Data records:
<<<<
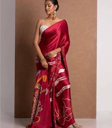 Red satin printed saree
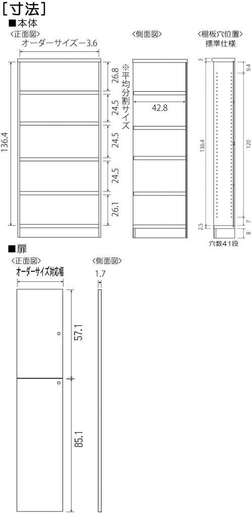 | 本体扉 幅15〜44cmは片開き扉(右開き・左開きをご選択) 高さ135cm以上は上下分割扉 |
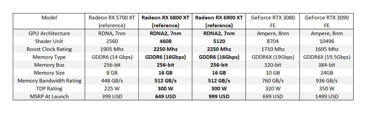 Dilihat sekilas, RX 6800 XT dan RX 6900 XT memiliki perbedaan utama pada pada jumlah Shader Unit, dan segmentasi Harga, sedangkan variabel yang lain sama.
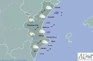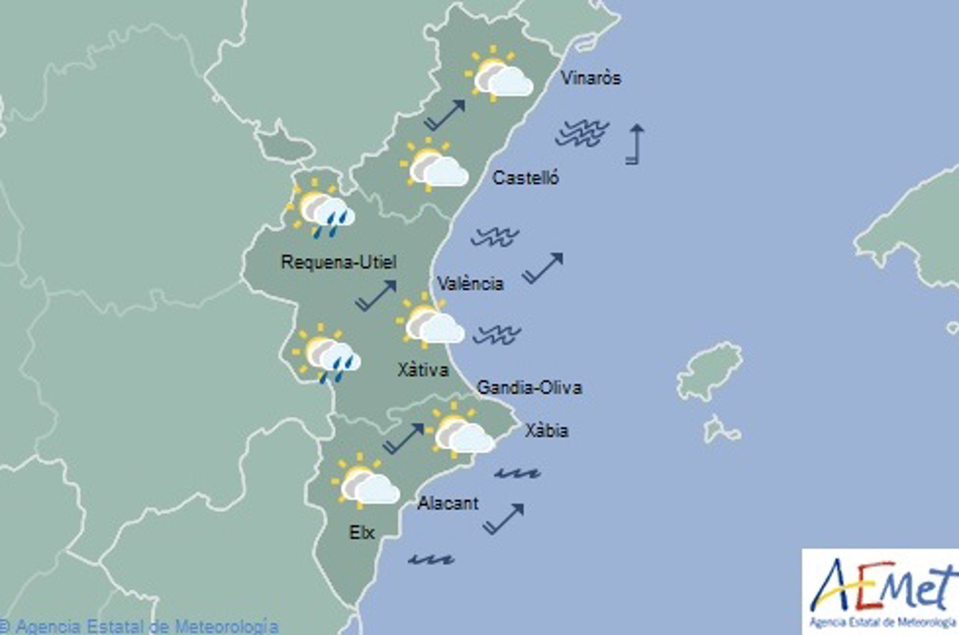 Por su parte, el viento soplará esta jornada del suroeste a oeste y suroeste moderado con rachas fuertes, especialmente en el interior de la Comunitat, según la predicción de la Aemet.
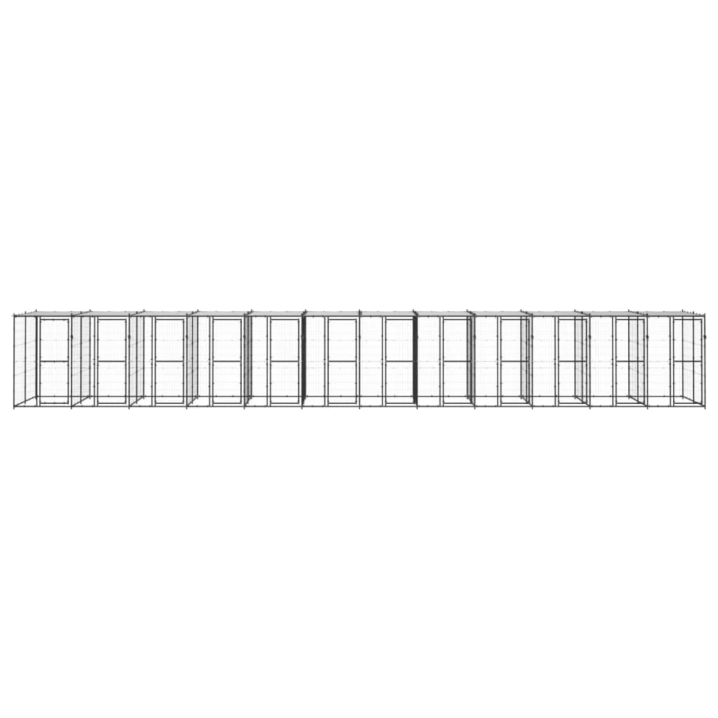 This versatile dog kennel features multiple uses: playing, exercising, training, or simply keeping your dog safe. It will be the perfect play paradise for your furry friends! This dog kennel provides ample exercise space. The mesh all around helps prevent mischief and unexpected accidents while enabling ventilation. Thanks to the sturdy powder-coated steel construction, this dog kennel is durable and built to last. Made of PE, the included top canopy is water-resistant and UV-resistant. The hinged door with a lockable latch system ensures extra security and safety for your dogs. Good to know:To prevent damage from heavy snow buildup, we recommend clearing the roof regularly during winter.
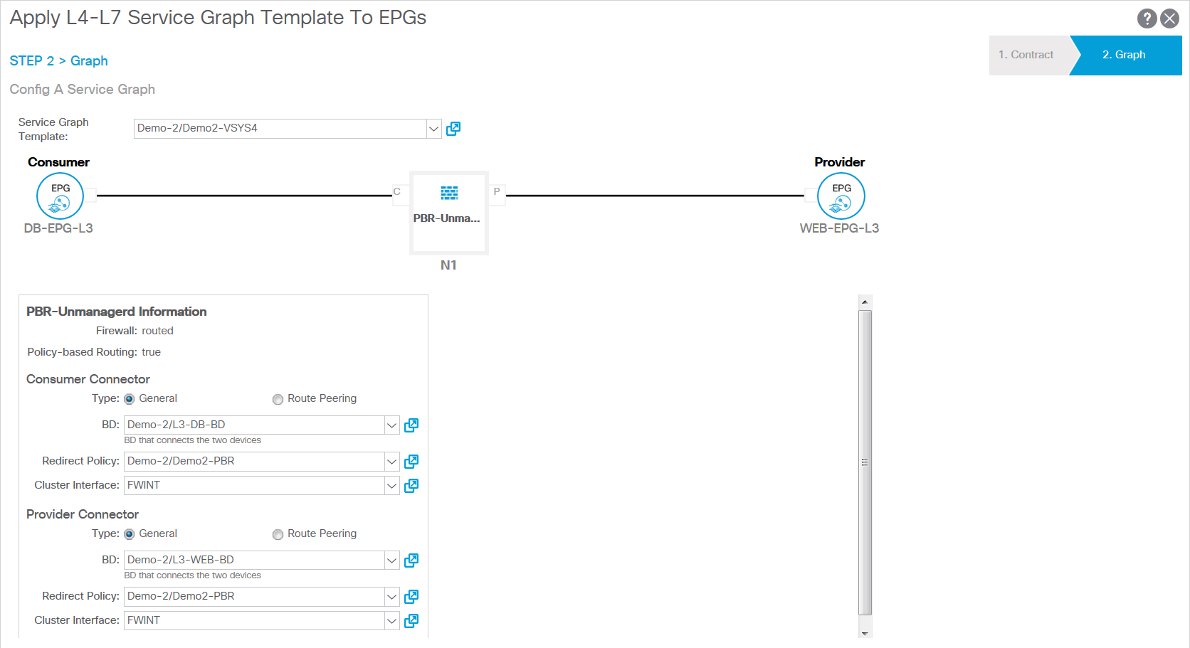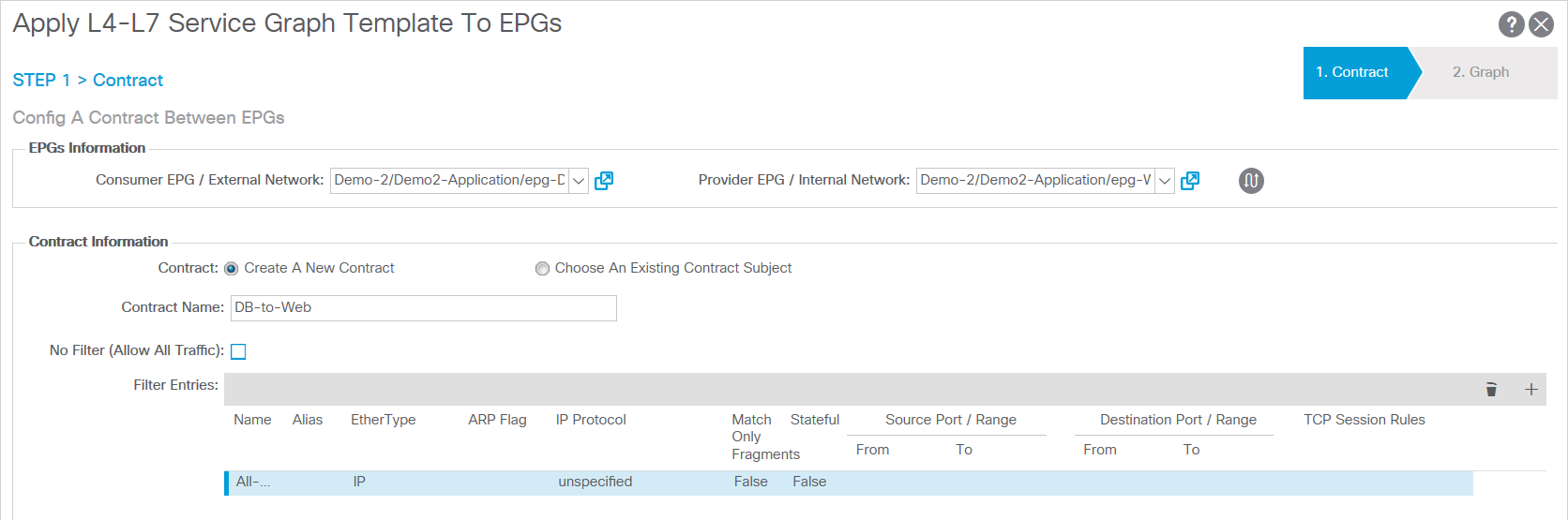 Create a service graph template that uses the device cluster representing the firewall in a policy-based redirect integration. After creating the service graph, you must apply it to EPGs to protect traffic. A contract and contract filter rules define the traffic that can be forwarded to the firewall.
>>>>
* **Exercise brief**
The answer must be an exact copy of the lines from the start of the records above through the line containing "Dilihat sekilas, RX", with no pictures in it.

* **Written answer**
 Red satin printed saree
 | 本体扉 幅15〜44cmは片開き扉(右開き・左開きをご選択) 高さ135cm以上は上下分割扉 |
 Dilihat sekilas, RX 6800 XT dan RX 6900 XT memiliki perbedaan utama pada pada jumlah Shader Unit, dan segmentasi Harga, sedangkan variabel yang lain sama.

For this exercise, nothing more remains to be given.